THE PROBLEM:
A verbatim transcript of the data below is required, images omitted.

GIVEN DATA:
────────────────────────────────────────

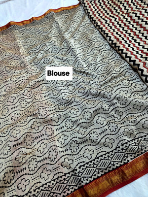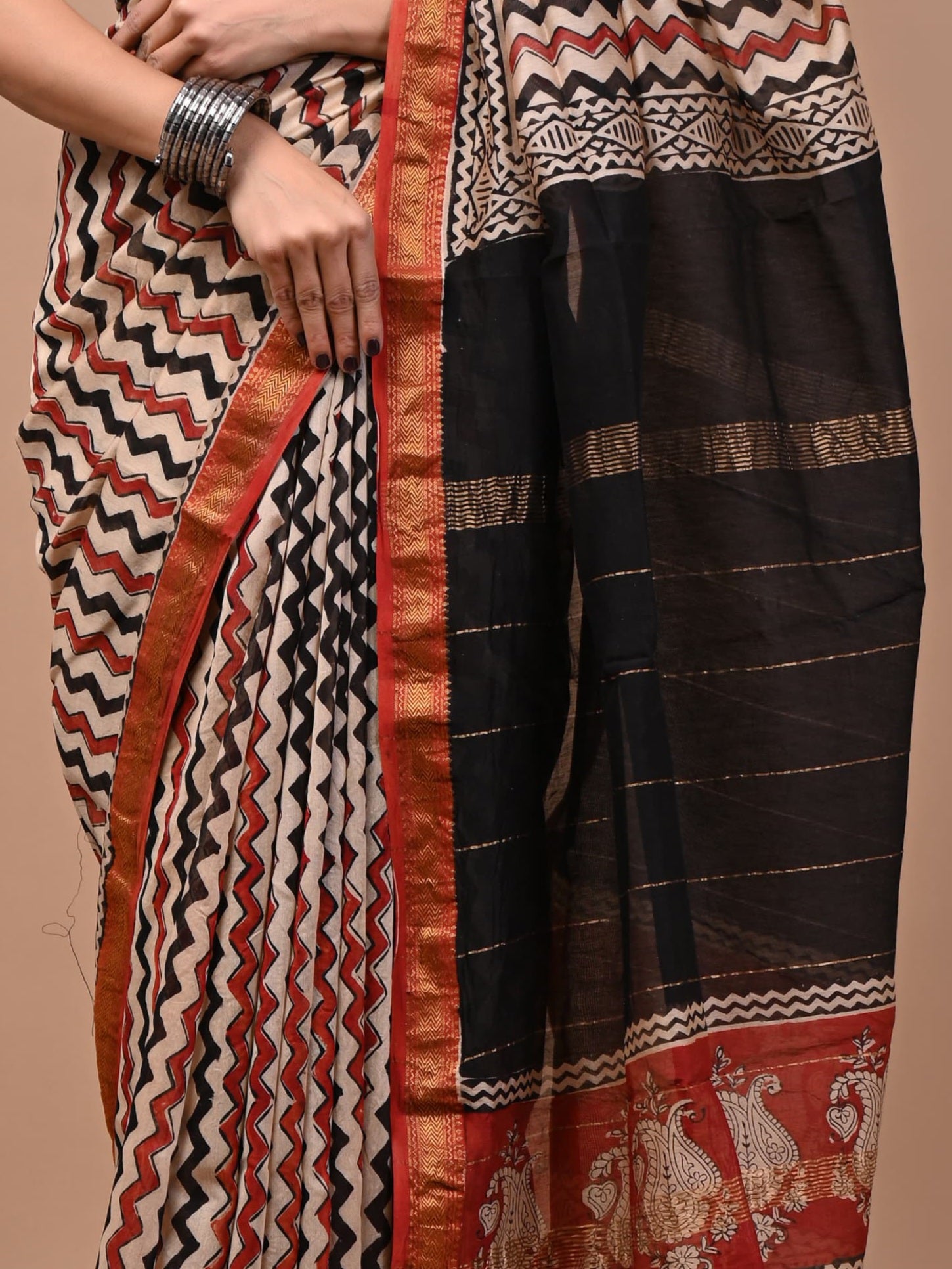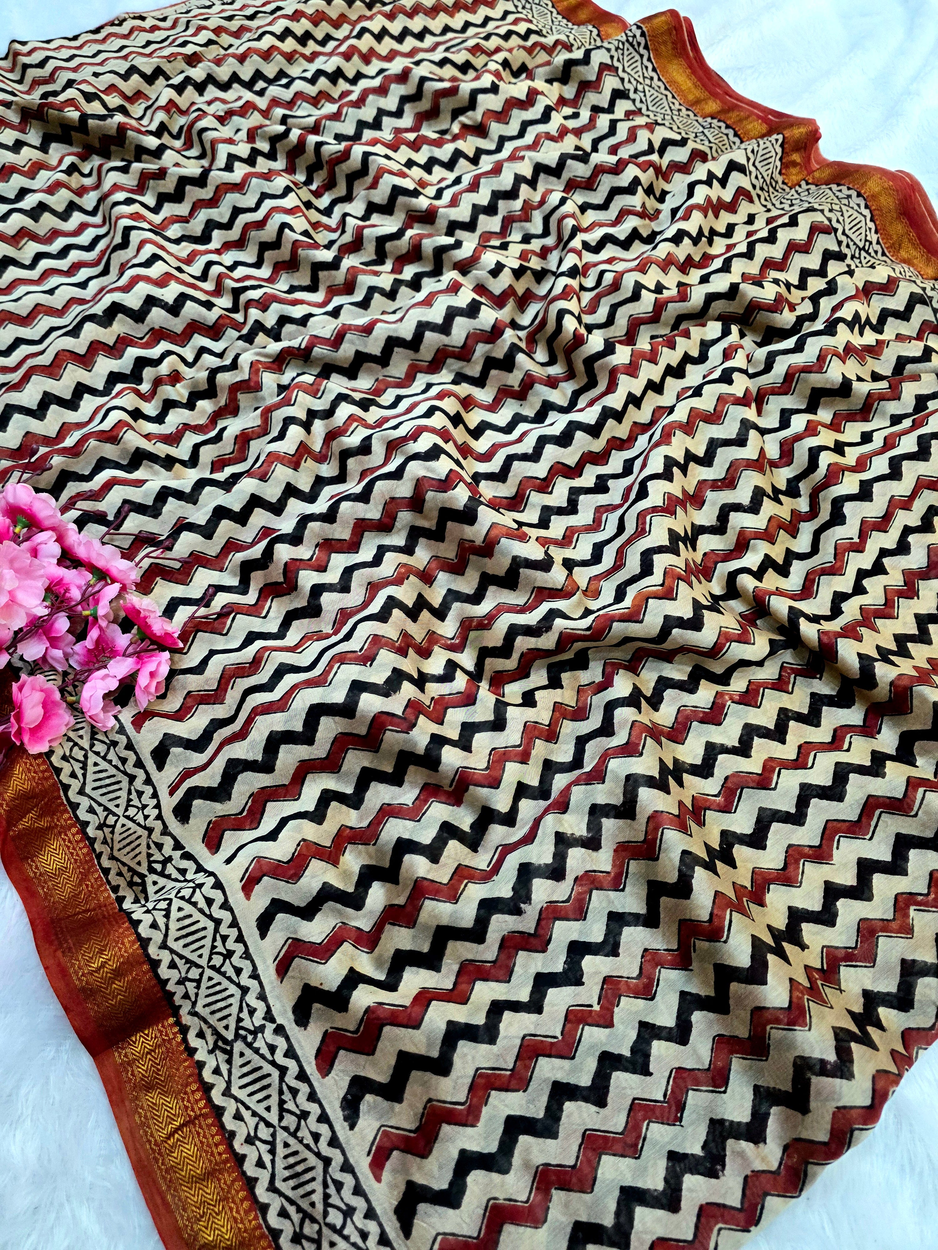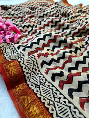 578010 शुद्ध माहेश्वरी कॉटन सिल्क हैंडब्लॉक प्रिंटेड साड़ी
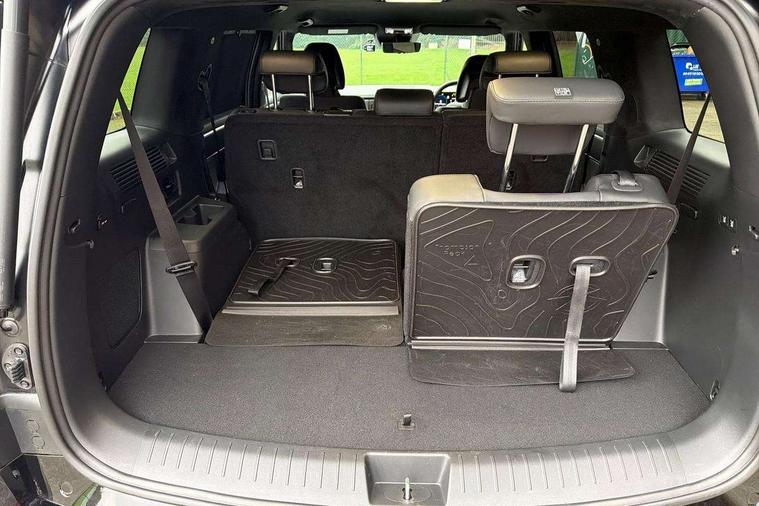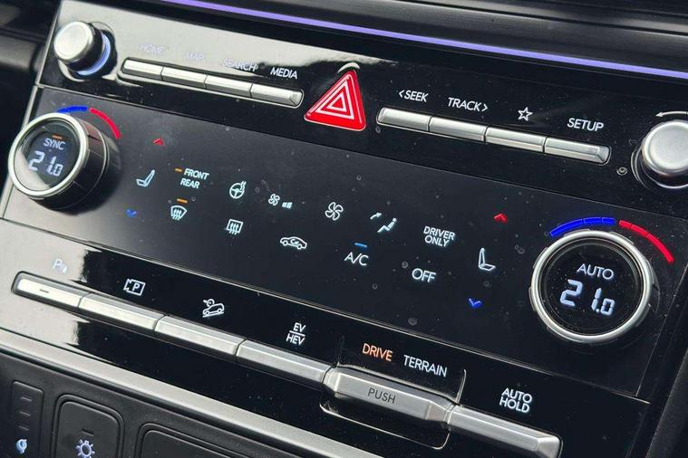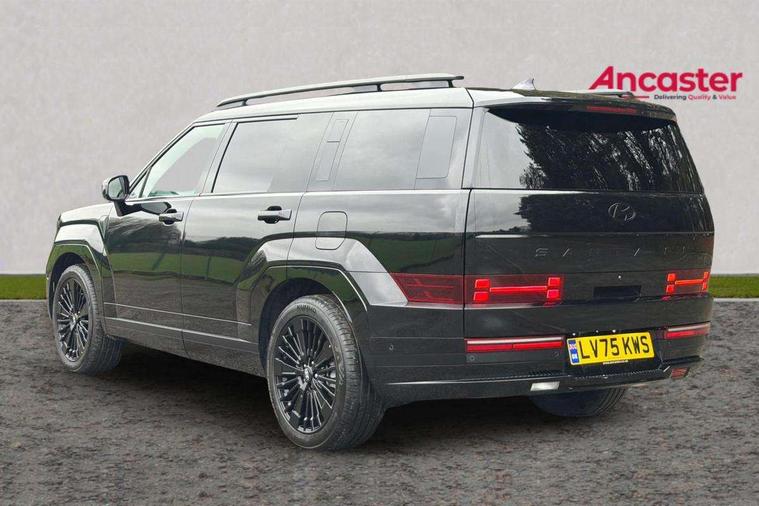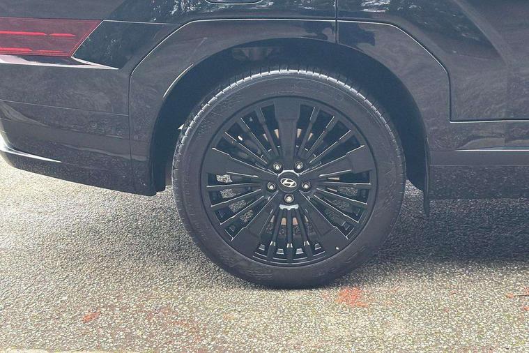 12.3" Drivers supervision instrument cluster with LCD display, 360 degree parking sensors, Blind spot collision avoidance assist (BCA), Blind spot view monitor (BVM), Bluelink and Wireless Apple Carplay/Android Auto, Bluetooth connectivity with voice recognition, Drive mode selector, Driver status monitor (DSM), Dual wireless phone charging pad, Emergency services call system, Forward collision avoidance assist (FCA 2.0), Head up Display, Highway drive assist 2 (HDA 2), Intelligent speed limit assist (ISLA), Lane departure warning system (LDW), Lane Follow Assist 2 (LFA 2), Lane keeping assist (LKA), Low washer fluid warning, Navigation based smart adaptive cruise control with stop and go, Over the air software updates (OTA), Parking Collision Avoidance Assist-Reverse (PCA-R), Power assisted steering, Remote smart parking assist, Safe exist assist (SEA), Smart electric tailgate with hand's free opening function, Surround view monitor, Self levelling suspension, Shift by Wire Gear Selector (SBW), 12.3" Touchscreen display with satellite navigation, 2nd Row USB C Ports x2 Charging, 3rd Row USB C Ports x2 Charging, Front USB C port 1 charging and 1 data/charging, Premium BOSE sound system with 12 speakers and subwoofer, Steering wheel audio, phone and cruise controls, Automatic headlights with dusk sensor, Automatic windscreen wipers with rain sensor, Black Styling (Skid plate, Fender upper garnish, Door side garnish, C/D pillars, Rear bumper moulding, DLO), Body colour bumpers, Digital centre mirror, Dynamic welcome lights, Electric adjustable/heated/auto power folding door mirrors, Front and rear electric windows, Heated rear window, Hidden C pillar assist handle, Hidden rear wiper, High beam assist, LED daytime running lights, LED Headlights, LED indicator lights, LED indicators in door mirrors, LED positioning lights, LED taillights, LED third brake light, Manual rear door blinds, Rear side wing doors, Rear windows and tailgate privacy glass, Roof rails, Solar glass windscreen and front windows, Windscreen acoustic film, Windscreen auto defog function, 2nd and 3rd row center armrest with cupholder, 3rd row head restraints, Centre rear head restraint, Driver and front passenger premium relaxation seats, Dual zone climate control air conditioning, Electrically adjustable front seats with 2 way electric lumbar support, Front head restraints, Front seats with memory, Heated front seats, Heated rear seats, Height and reach electrically adjustable steering column, Leather wrapped heated steering wheel, Luggage cover, Luggage hooks, Luggage net, Multi colour LED ambient lighting, Nappa leather upholstery, Rear head restraints, Single front passenger seat, Split folding (50/50) third row seats, Split folding (60/40), sliding and reclining second row seats, Sun Visors with driver and passenger illuminated vanity mirrors, Two front cup holders, UV-C Tray, Ventilated front seats, Trailer wiring pack - Santa Fe, 3 point seatbelts on all seats, Adjustable regenerative braking paddle shifters, Airbag - Front, front side, curtain and centre front airbags, Anti-lock brake system (ABS), Dynamic brake control, Electric parking brake with auto hold function, Electronic Stability Control (ESC), Hill start assist control (HAC), Manual child lock in rear doors, TSA (Trailer Stability Assist), Tyre pressure monitoring system, Immobiliser, Smart Key - Keyless entry with Power On/Off button, Black ink interior decals, 20" Black calligraphy alloy wheels, Tyre mobility kit,
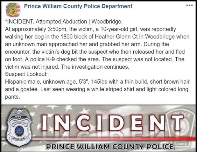 A Facebook user, writing on the Prince William County Police Department Facebook page, said that the girl was only “a little over a year old” when the incident took place. He said the girl is his niece.

────────────────────────────────────────

SOLUTION TO THIS TASK:
 578010 शुद्ध माहेश्वरी कॉटन सिल्क हैंडब्लॉक प्रिंटेड साड़ी
 12.3" Drivers supervision instrument cluster with LCD display, 360 degree parking sensors, Blind spot collision avoidance assist (BCA), Blind spot view monitor (BVM), Bluelink and Wireless Apple Carplay/Android Auto, Bluetooth connectivity with voice recognition, Drive mode selector, Driver status monitor (DSM), Dual wireless phone charging pad, Emergency services call system, Forward collision avoidance assist (FCA 2.0), Head up Display, Highway drive assist 2 (HDA 2), Intelligent speed limit assist (ISLA), Lane departure warning system (LDW), Lane Follow Assist 2 (LFA 2), Lane keeping assist (LKA), Low washer fluid warning, Navigation based smart adaptive cruise control with stop and go, Over the air software updates (OTA), Parking Collision Avoidance Assist-Reverse (PCA-R), Power assisted steering, Remote smart parking assist, Safe exist assist (SEA), Smart electric tailgate with hand's free opening function, Surround view monitor, Self levelling suspension, Shift by Wire Gear Selector (SBW), 12.3" Touchscreen display with satellite navigation, 2nd Row USB C Ports x2 Charging, 3rd Row USB C Ports x2 Charging, Front USB C port 1 charging and 1 data/charging, Premium BOSE sound system with 12 speakers and subwoofer, Steering wheel audio, phone and cruise controls, Automatic headlights with dusk sensor, Automatic windscreen wipers with rain sensor, Black Styling (Skid plate, Fender upper garnish, Door side garnish, C/D pillars, Rear bumper moulding, DLO), Body colour bumpers, Digital centre mirror, Dynamic welcome lights, Electric adjustable/heated/auto power folding door mirrors, Front and rear electric windows, Heated rear window, Hidden C pillar assist handle, Hidden rear wiper, High beam assist, LED daytime running lights, LED Headlights, LED indicator lights, LED indicators in door mirrors, LED positioning lights, LED taillights, LED third brake light, Manual rear door blinds, Rear side wing doors, Rear windows and tailgate privacy glass, Roof rails, Solar glass windscreen and front windows, Windscreen acoustic film, Windscreen auto defog function, 2nd and 3rd row center armrest with cupholder, 3rd row head restraints, Centre rear head restraint, Driver and front passenger premium relaxation seats, Dual zone climate control air conditioning, Electrically adjustable front seats with 2 way electric lumbar support, Front head restraints, Front seats with memory, Heated front seats, Heated rear seats, Height and reach electrically adjustable steering column, Leather wrapped heated steering wheel, Luggage cover, Luggage hooks, Luggage net, Multi colour LED ambient lighting, Nappa leather upholstery, Rear head restraints, Single front passenger seat, Split folding (50/50) third row seats, Split folding (60/40), sliding and reclining second row seats, Sun Visors with driver and passenger illuminated vanity mirrors, Two front cup holders, UV-C Tray, Ventilated front seats, Trailer wiring pack - Santa Fe, 3 point seatbelts on all seats, Adjustable regenerative braking paddle shifters, Airbag - Front, front side, curtain and centre front airbags, Anti-lock brake system (ABS), Dynamic brake control, Electric parking brake with auto hold function, Electronic Stability Control (ESC), Hill start assist control (HAC), Manual child lock in rear doors, TSA (Trailer Stability Assist), Tyre pressure monitoring system, Immobiliser, Smart Key - Keyless entry with Power On/Off button, Black ink interior decals, 20" Black calligraphy alloy wheels, Tyre mobility kit,
 A Facebook user, writing on the Prince William County Police Department Facebook page, said that the girl was only “a little over a year old” when the incident took place. He said the girl is his niece.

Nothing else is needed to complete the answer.